### Your goal:
Nothing but the lines from the one including "Слайд 151. Как" through the last line of the entries, restated exactly, should appear in the answer; omit the pictures.

[Saved entries]
↓↓↓

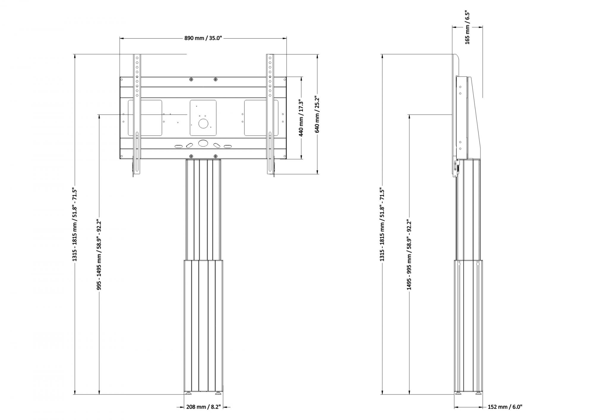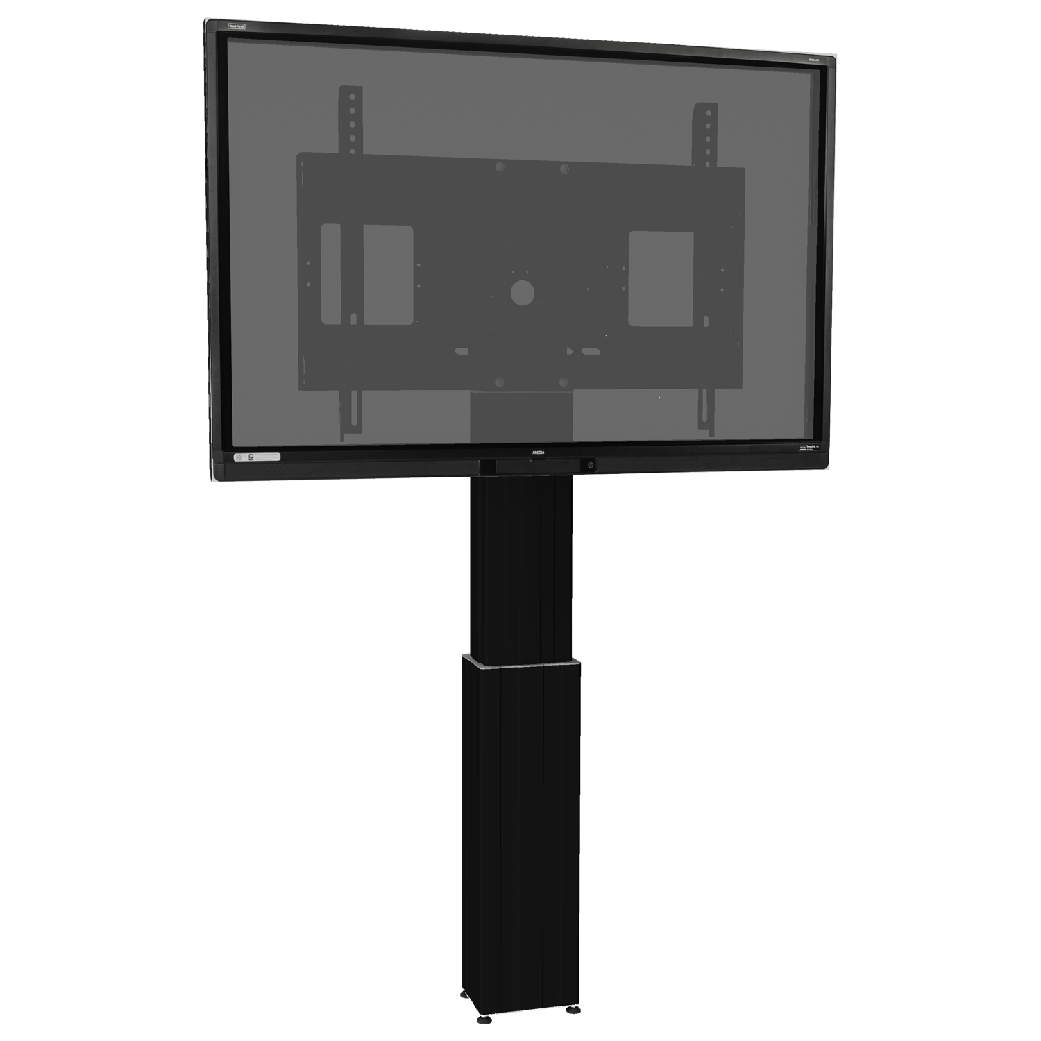 Elektrisch in hoogte verstelbare TV standaard; monitor muurbeugel voor 42"-100" (interactieve) flat panel displays. De SCETAWLBK is geschikt voor displays met een schermdiagonaal tot 100". Het systeem omvat een stabiel frame voor het plaatsen van het display met geïntegreerd kabelbeheer en twee ophangrails met snelsluitingen voor een snelle en eenvoudige montage van het display. De SCETAWLBK-wand montage wordt geleverd met een mastkolom met 50 cm naaf Het systeem wordt in twee pakketten gedemonteerd geleverd en kan per koeriersdienst worden verzonden.
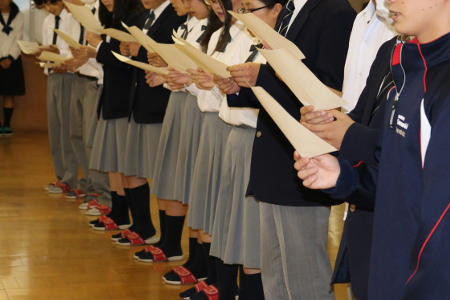3年生を送る予餞会が行われました。チームにわかれての川高クイズ大会や、思い出のムービー鑑賞などをし、最後には3年生より、3学年担当の先生方へ手紙が渡されました。
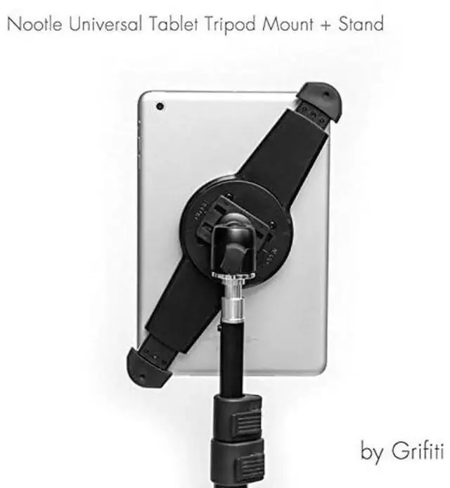 This is our lightweight stand... we make a bunch of different versions so check other listings, too! This our our new Grifiti Nootle Universal iPad and Tablet Stand! It includes our lightweight Nootle Stand with adjustable height to about 58 inches, Universal iPad and Tablet Tripod Mount, mini ball head.. A ton of companies, schools and coaches like this a lot! This is perfect for you if you want to use your iPad or Tablet on a simple stand or tripod with or without a case or skin on! This have a tight spring-loaded set of arms that will hold 7 to 11 inch tablets, including iPad mini 1, 2, 3, iPad Air 1, 2, iPad 1, 2, 3, 4, Google Nexus, Dell, Sony, Samsung Galaxy, Microsoft Surface, Google Nexus and any other tablet in that size range.
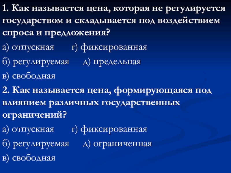 Слайд 151. Как называется цена, которая не регулируется государством и складывается под
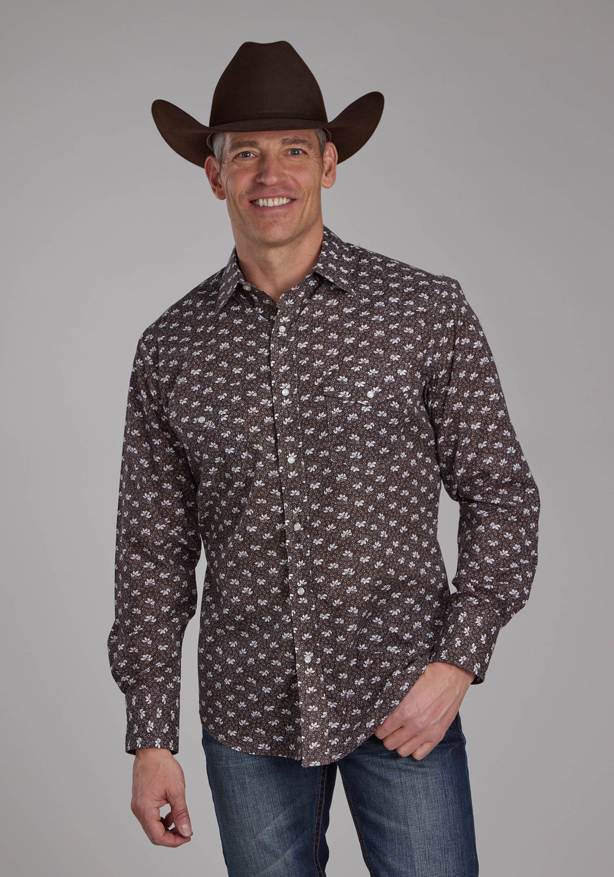 Mens Brown And Cream Floral Long Sleeve Snap Western Shirt
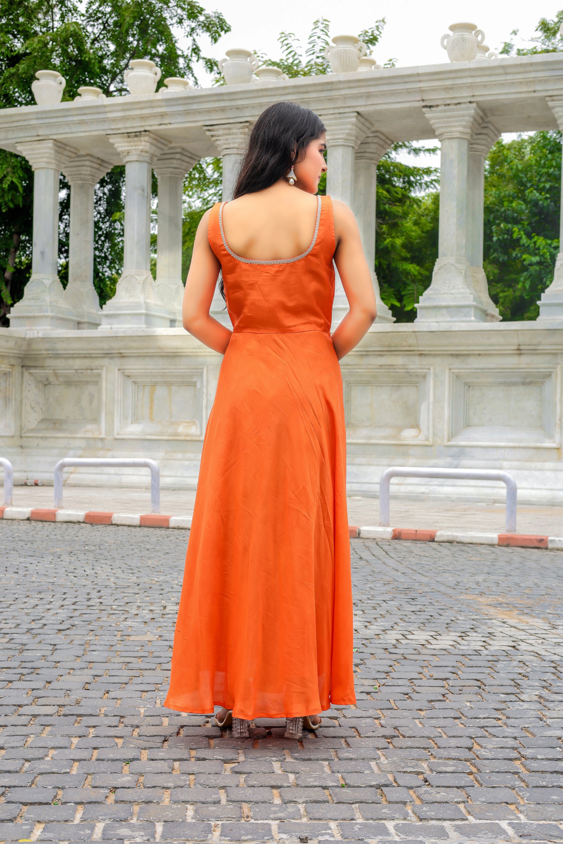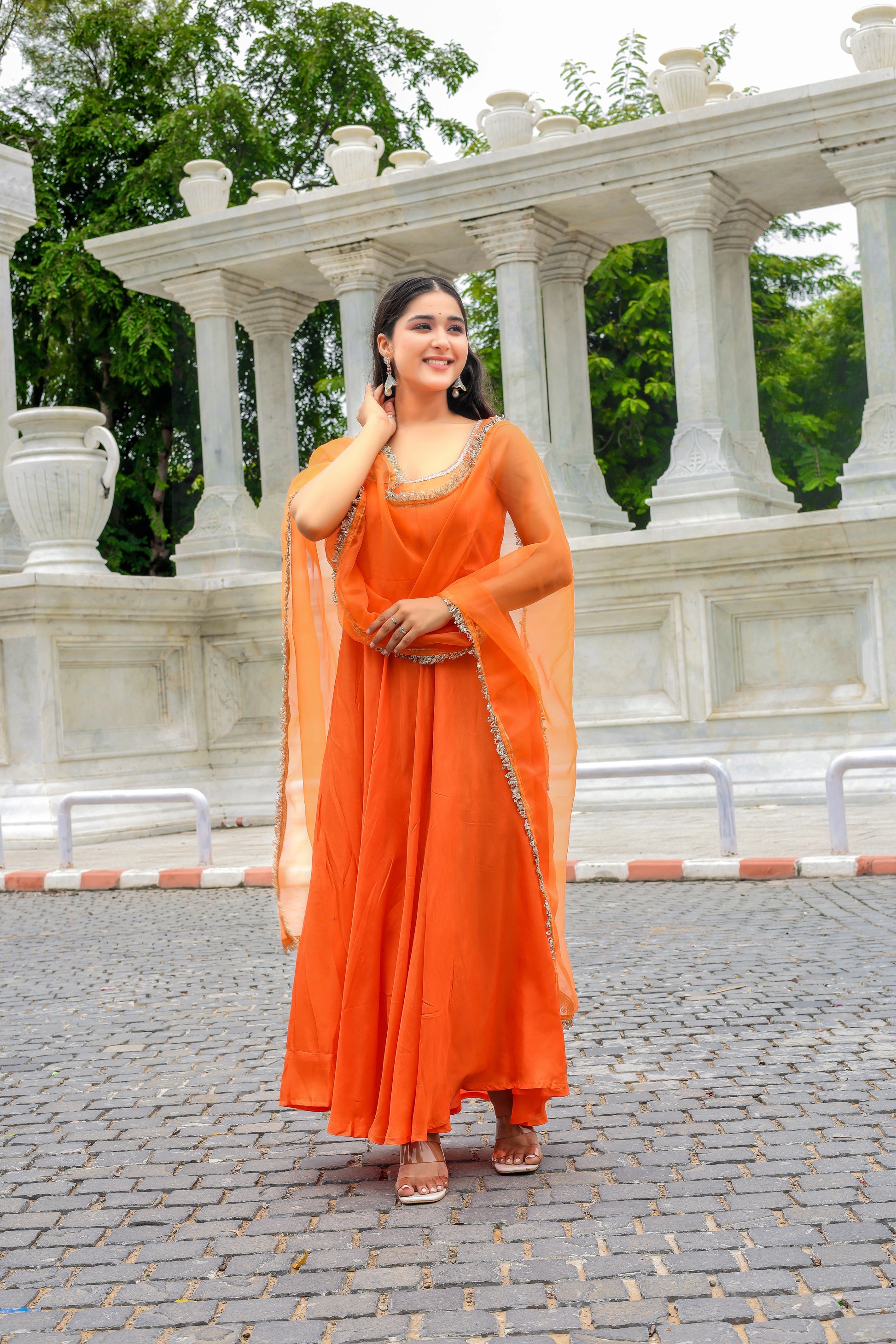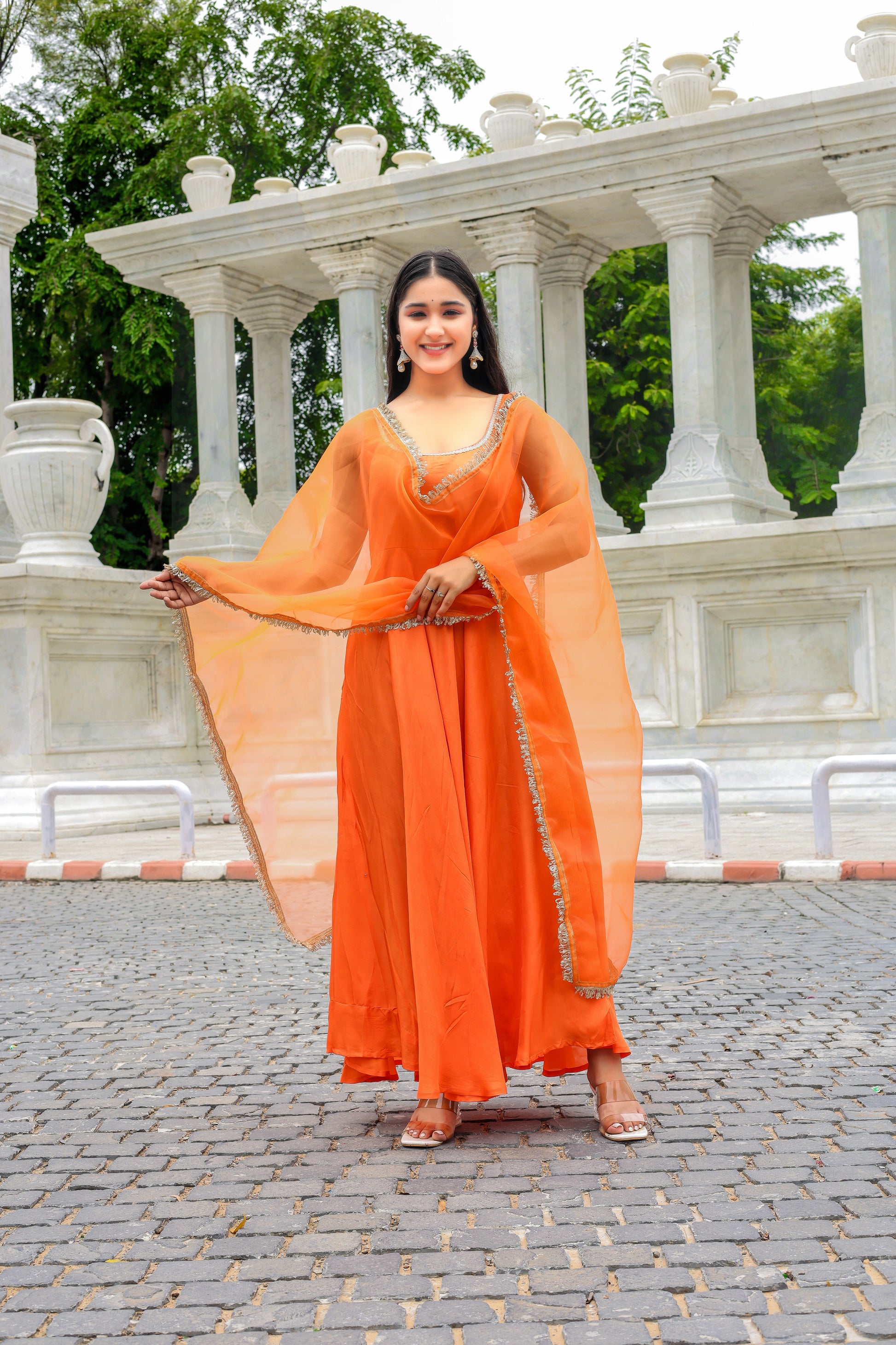 Product Name: Tangerine Glow Anarkali – Modal Silk Set

↑↑↑

### Response to the exercise:
 Слайд 151. Как называется цена, которая не регулируется государством и складывается под
 Mens Brown And Cream Floral Long Sleeve Snap Western Shirt
 Product Name: Tangerine Glow Anarkali – Modal Silk Set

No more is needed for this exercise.